Study Design and Methods

This retrospective cohort study included patients undergoing low-to-moderate–risk cardiac surgery with cardiopulmonary bypass without (control; n = 531) or with cell salvage (n = 433; Autolog, Medtronic). Study endpoints, including 24-hour blood loss and RBC requirements, were evaluated using adjusted logistic regression.

Results

Baseline characteristics were similar between groups. The cell saver group received 568 ± 267 mL of autologous blood. Median number of allogeneic RBC transfusions was higher in the control group (2 [1-5]) compared with the cell salvage group (1 [0-3]; p < 0.001). There were no clinically relevant differences in postoperative coagulation test results between groups. The relative risk (RR) for postoperative RBC transfusion was reduced to 0.76 (95% confidence interval [CI], 0.70-0.83; p < 0.0001) in the cell salvage group.
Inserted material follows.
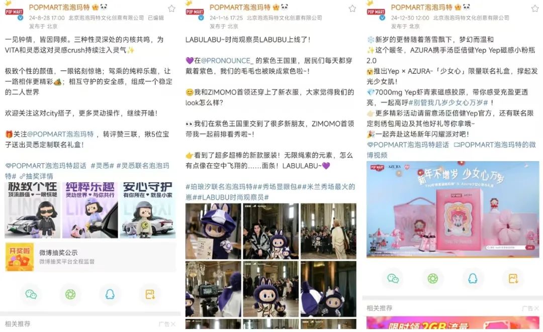 此外,即便IP本身知名度一般,但由于背靠泡泡玛特这一平台背景,不少合作方同样会与尽管相对小众但调性更为契合的IP合作,例如与AZURA联名的汤臣倍健、与VITA联名的东风本田灵悉等等。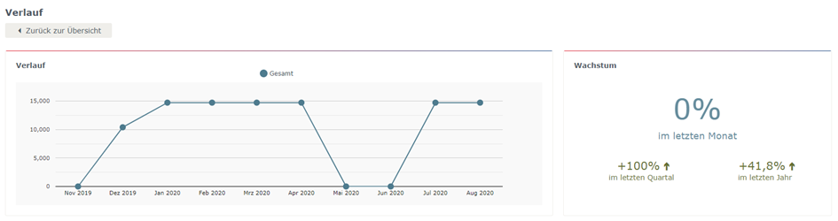Unter „Empfänger“ > „Empfängerstatistik“ finden Sie im Reiter „Übersicht“ einen Empfänger-Verlauf. In diesem Bereich bekommen Sie einen guten Überblick über Ihre aktuellen sowie vergangenen Empfängerzahlen. Neben der grafischen Darstellung des Verlaufs über die vergangenen Monate, sehen Sie auch das Wachstum Ihres Empfängerstammes in prozentuellen Werten.

Moreover, patients in the cell salvage group had a lower chance for myocardial infarction (RR, 0.26; 95% CI, 0.08-0.91; p = 0.035), whereas the cell salvage group was associated with a higher probability for intensive care discharge within 24 hours after surgery (RR, 1.08; 95% CI, 1.02-1.14; p = 0.009).

Conclusion

The use of cell salvage throughout the entire procedure reduces postoperative blood loss and allogeneic RBC transfusion. These findings advocate implementation of cell salvage in all patients undergoing on-pump cardiac surgery, irrespective of anticipated surgery-related blood loss.